◆ Supplied data
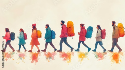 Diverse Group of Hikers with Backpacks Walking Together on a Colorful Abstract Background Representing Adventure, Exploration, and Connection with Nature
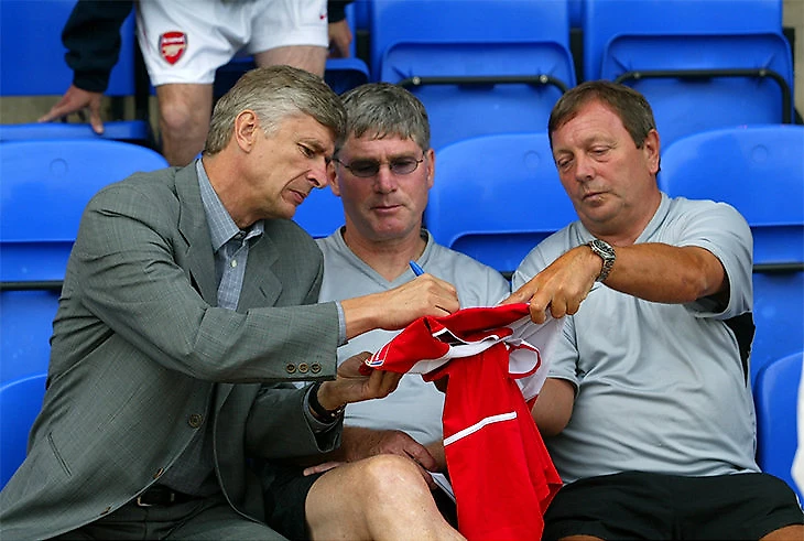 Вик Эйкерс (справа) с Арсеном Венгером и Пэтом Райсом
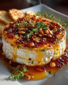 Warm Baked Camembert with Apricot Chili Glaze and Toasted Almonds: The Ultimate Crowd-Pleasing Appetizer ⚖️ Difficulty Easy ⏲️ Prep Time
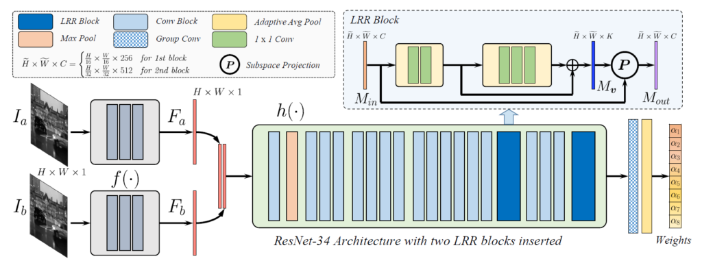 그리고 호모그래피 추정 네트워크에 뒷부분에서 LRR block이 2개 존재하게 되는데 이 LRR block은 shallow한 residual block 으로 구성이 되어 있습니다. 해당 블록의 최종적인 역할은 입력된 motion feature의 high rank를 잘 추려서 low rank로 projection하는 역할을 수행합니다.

* * *

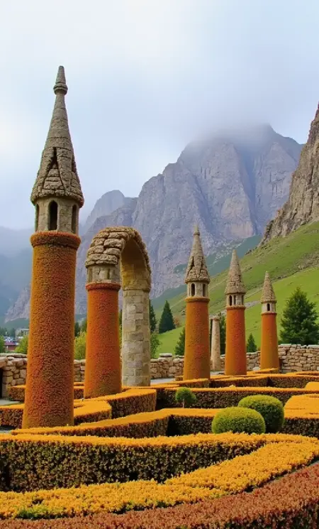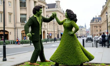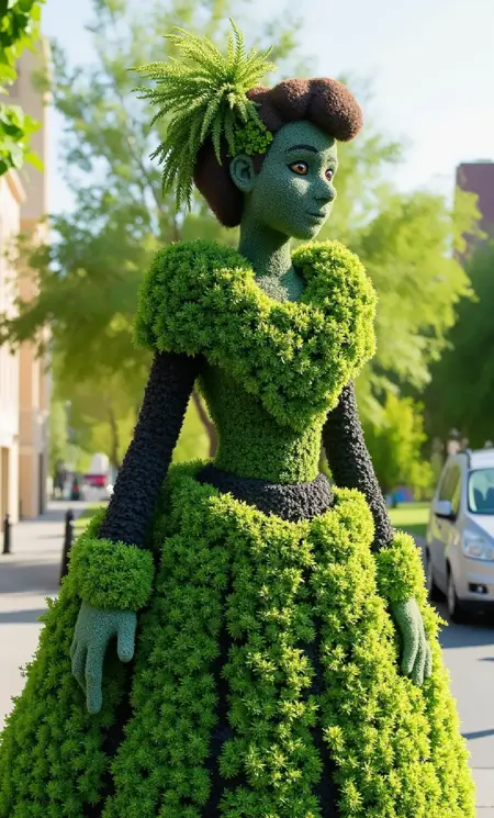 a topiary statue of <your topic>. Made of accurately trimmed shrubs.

◆ Work instructions
Every line from the one with "Diverse Group of" through the one with "그리고 호모그래피 추정" is to be reproduced exactly as written above, and the pictures are to be dropped.

◆ Answer to this exercise
 Diverse Group of Hikers with Backpacks Walking Together on a Colorful Abstract Background Representing Adventure, Exploration, and Connection with Nature
 Вик Эйкерс (справа) с Арсеном Венгером и Пэтом Райсом
 Warm Baked Camembert with Apricot Chili Glaze and Toasted Almonds: The Ultimate Crowd-Pleasing Appetizer ⚖️ Difficulty Easy ⏲️ Prep Time
 그리고 호모그래피 추정 네트워크에 뒷부분에서 LRR block이 2개 존재하게 되는데 이 LRR block은 shallow한 residual block 으로 구성이 되어 있습니다. 해당 블록의 최종적인 역할은 입력된 motion feature의 high rank를 잘 추려서 low rank로 projection하는 역할을 수행합니다.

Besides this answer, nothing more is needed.